For Biden, the issue of race has made for one long and crazy ride. Who would have thought that someone who built much of his political career on protecting white people from Black people would wrap up that career vowing to protect Black people from white people?

By zeroing in on civil rights, do you suppose Biden is trying to atone for past sins? I doubt it. I think he’s running a con.
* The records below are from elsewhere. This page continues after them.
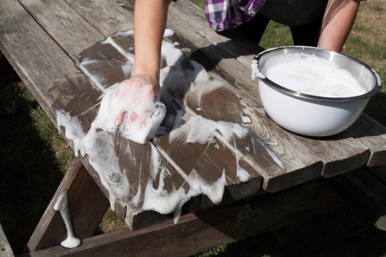 You can use that same spray paint in whatever finish you like. Begin by cleaning your picnic table with soapy water to remove dirt and grime.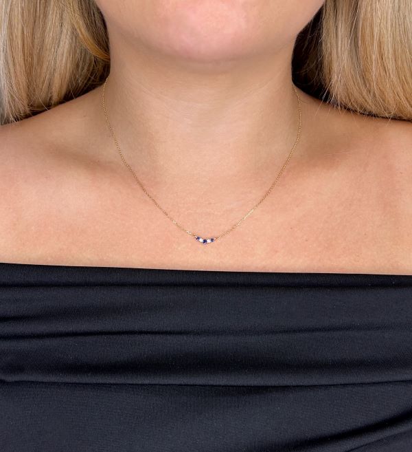 10K yellow gold curve necklace featuring 0.10 carat total weight round cut sapphires, accented by 0.06 carat total weight round brilliant cut diamonds.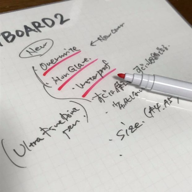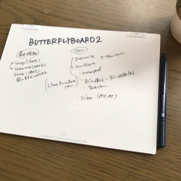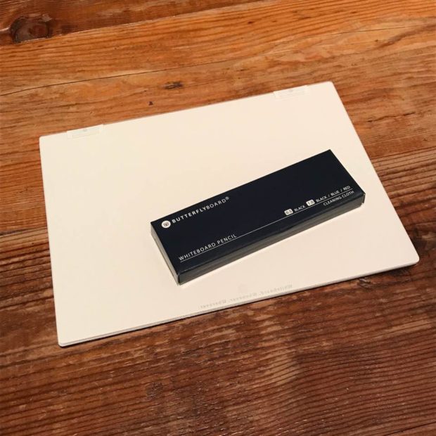 書いた後に写真でデータを保存することができるバタフライボードの特性をさらにサポートするクリアボードになっています。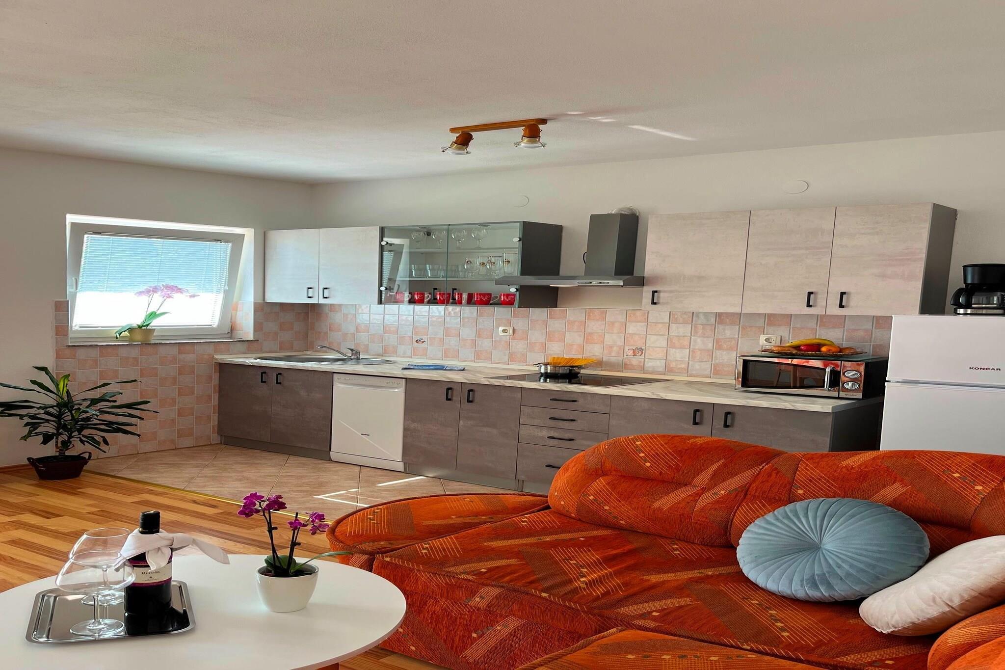 Denne romslige leiligheten ligger i Senj. Eiendommen har 1 stue med soverom og er perfekt for 2 personer. Leiligheten har et felles svømmebasseng hvor du kan slappe av etter en lang og slitsom dag. Havet og stranden ligger bare 0,8 km unna, hvor du kan sole deg og nyte roen. Du finner supermarkeder bare 400 m unna, i tilfelle du ønsker å kjøpe dagligvarer og andre nødvendigheter, og det er også restauranter 600 m unna hvor du kan nyte lokal mat. Det er en romslig takterrasse hvor du kan nyte morgenkaffen din, og hagemøbler hvor du kan nyte en sunn frokost og slappe av etter en aktiv dag utendørs.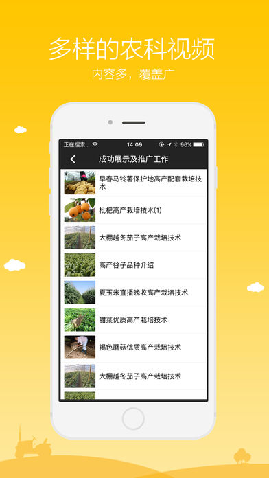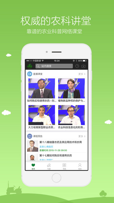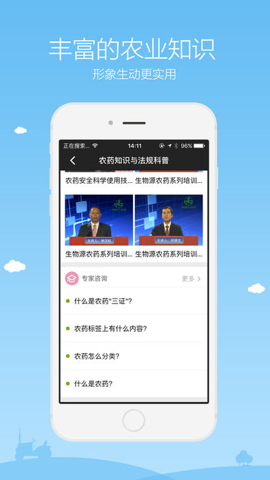 1、内容推荐,最新的农业新闻资讯、重要通知、专家讲座。2、农业专题,根据不同专题展现特定领域的农业知识和视频,包括:植物新品种保护、农药知识与法规科普、农业政策与防灾减灾技术、高产创建技术、低毒农药使用技术、测土配方施肥、病虫鼠害疫情监测与防治、农垦教育培训。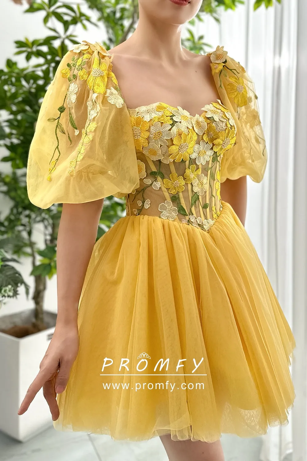 Brighten up your wardrobe with this fairy sweetheart neckline corset short prom dress, adorned with floral embroidery in a vibrant yellow hue. Ideal for prom, birthdays, homecoming, or cocktail parties, it showcases a delicate floral lace corset bodice with cute short puff sleeves, vintage basque waist, and an A-line puffy tulle short skirt adds a playful flair. The lace-up low back completes the look with a touch of elegance.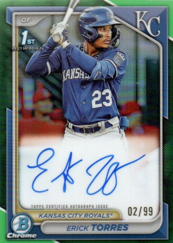 2024 Bowman Chrome ERICK TORRES 1st Green Refractor Auto 30/99 Royals SP 00381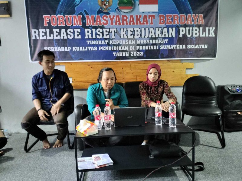 PALEMBANG – Forum Masyarakat Berdaya Merelease Riset Kebijakan Publik Tentang Tingkat Kepuasan Masyarakat Terhadap Kualitas Pendidikan Pendidikan di Propinsi Sumatera Selatan di tahun 2022, Selama 4 Tahun Kepemimpinan HD-MY.

Does anyone seriously think that Biden — the former senator who authored the racist 1994 crime bill and then joked that the bill did “everything but hang people for jaywalking,” the father of mass incarcerat­ion for nonwhite offenders, the 2020 presidenti­al candidate who was essentiall­y called a racist by his future vice president for opposing forced busing in the 1970s and keeping company with Southern segregatio­nists, the classic white liberal who thinks Black women don’t know “how to raise their children” without the help of white social workers who tell them to “make sure you have the record player on at night” — is the one who can bring together Americans of different colors?

People, please. Biden isn’t the solution to America’s racial woes. How could that be? He has spent his whole life being part of the problem.